» **What is expected**
Your answer must be an exact copy of the data, without any pictures.

» **Stored data**
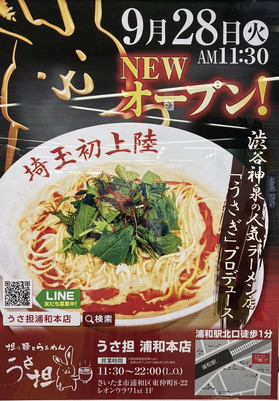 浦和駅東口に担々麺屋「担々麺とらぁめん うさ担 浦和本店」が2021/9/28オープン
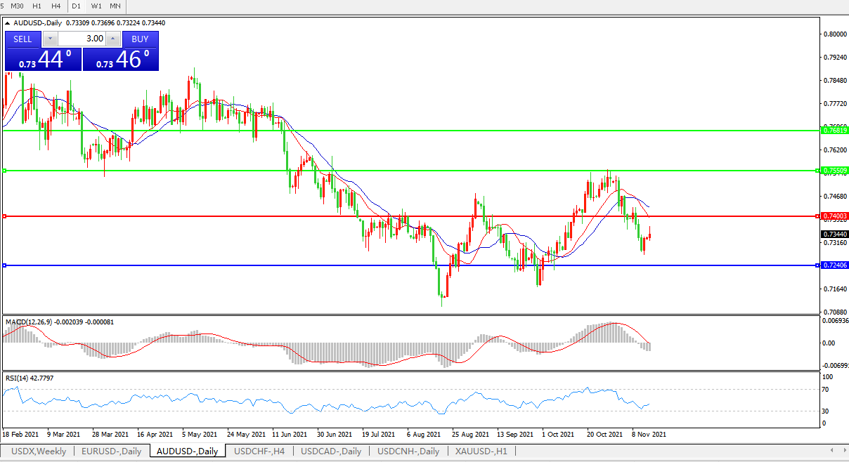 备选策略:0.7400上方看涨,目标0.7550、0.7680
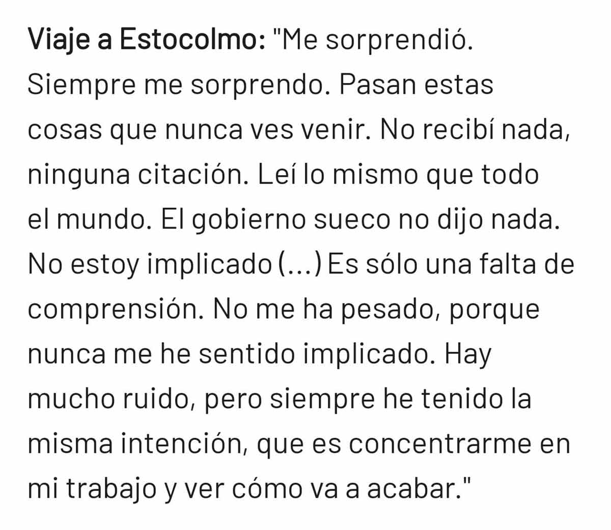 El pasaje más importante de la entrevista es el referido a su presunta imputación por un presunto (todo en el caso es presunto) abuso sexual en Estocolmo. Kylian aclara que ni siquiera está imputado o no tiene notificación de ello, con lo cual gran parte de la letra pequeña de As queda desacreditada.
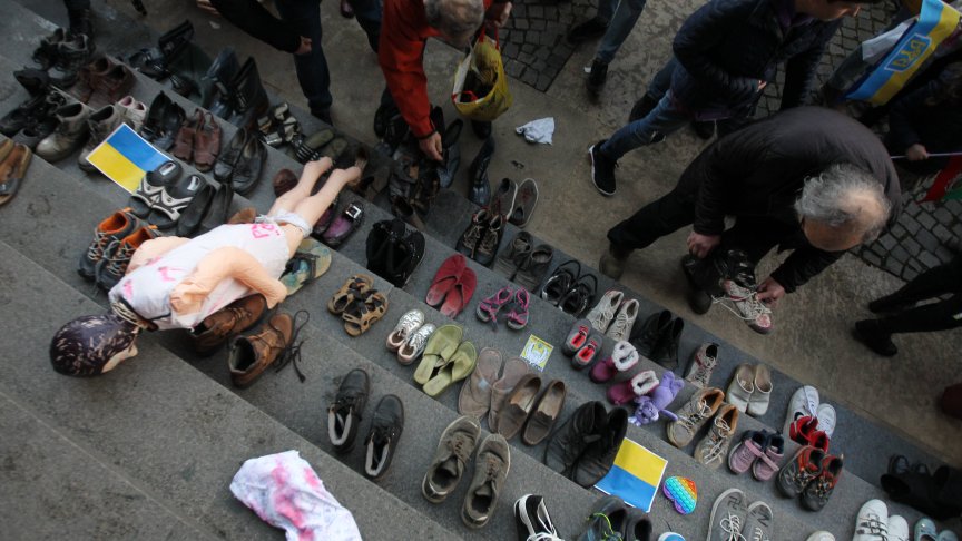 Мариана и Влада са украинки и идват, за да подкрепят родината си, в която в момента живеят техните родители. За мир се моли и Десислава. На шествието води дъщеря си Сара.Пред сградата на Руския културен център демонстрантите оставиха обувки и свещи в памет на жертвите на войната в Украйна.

» **Task output**
 浦和駅東口に担々麺屋「担々麺とらぁめん うさ担 浦和本店」が2021/9/28オープン
 备选策略:0.7400上方看涨,目标0.7550、0.7680
 El pasaje más importante de la entrevista es el referido a su presunta imputación por un presunto (todo en el caso es presunto) abuso sexual en Estocolmo. Kylian aclara que ni siquiera está imputado o no tiene notificación de ello, con lo cual gran parte de la letra pequeña de As queda desacreditada.
 Мариана и Влада са украинки и идват, за да подкрепят родината си, в която в момента живеят техните родители. За мир се моли и Десислава. На шествието води дъщеря си Сара.Пред сградата на Руския културен център демонстрантите оставиха обувки и свещи в памет на жертвите на войната в Украйна.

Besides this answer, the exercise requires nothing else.